Researchers used health registries to examine data on 1,272,424 live-born infants. Population-based data from Denmark included data from 2004 to 2012 and from Sweden from 2006 to 2012.
The incidence of birth defects in children born to women with chronic inflammatory disease was calculated from the data. Women were considered if they had inflammatory bowel disease, rheumatoid arthritis, ankylosing spondylitis, psoriatic arthritis or psoriasis. The prevalence of birth defects was then compared in women who were treated with anti-TNF treatment during pregnancy to those who were not treated, as well as to the general population.
In the group that was prescribed anti-TNF treatment during pregnancy, there were 683 women, and in the group that did not receive treatment, there were 21,549 women. When determining risks, the researchers adjusted for the following: the mother’s age, parity, smoking, BMI, multiple gestation, country and type of chronic inflammatory disease diagnosis.

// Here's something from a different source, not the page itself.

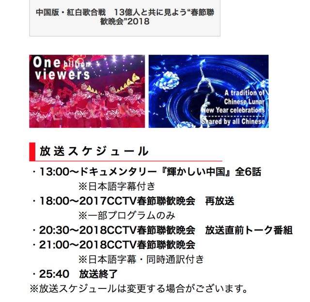 同サイトでは、春節(jié)聯(lián)歓晩會について、中國の舊正月を祝う年越しカウントダウン番組で、その絢爛豪華なステージと人々の心を捉えるような映像表現(xiàn)のほか、大スターによる歌やコント、京劇などが披露され、視聴率50%の圧倒的な人気を誇る中國の「紅白歌合戦」ような番組と紹介。さらに中國文化に詳しいゲストを招き、春節(jié)の風(fēng)習(xí)や「春晩」の見どころを紹介した。

Infants had more birth defects when the mother had a chronic inflammatory disease with or without treatment compared to the general population (4.8% vs 4.2%). Birth defects also occurred 6.3% of the time in women with a chronic disease who were prescribed treatment, compared to 4.7% in women who were not prescribed treatment. The odds ratio for all birth defects in children born to women receiving anti-TNF treatment was 1.32 (95% CI, 0.93-1.82); for a cardiovascular defect, 1.6 (95% CI, 0.93–2.58); and, for a urinary defect, 2.22 (95% CI, 0.86-4.71).
“We report a slightly, but not significantly, increased risk of birth defects for infants born to women treated with anti-TNF with an upper boundary of the confidence interval at 1.82,” the researchers wrote.
“The previous studies reporting risks of birth defects in association with exposure to anti-TNF treatment during pregnancy were hampered by the limited numbers of exposed women and of reported birth defects. … Strengths of this study included its large size, encompassing all infants born to women exposed to anti-TNF treatment in Denmark and Sweden,” they wrote.
Disclosures: The researchers report no relevant financial disclosures.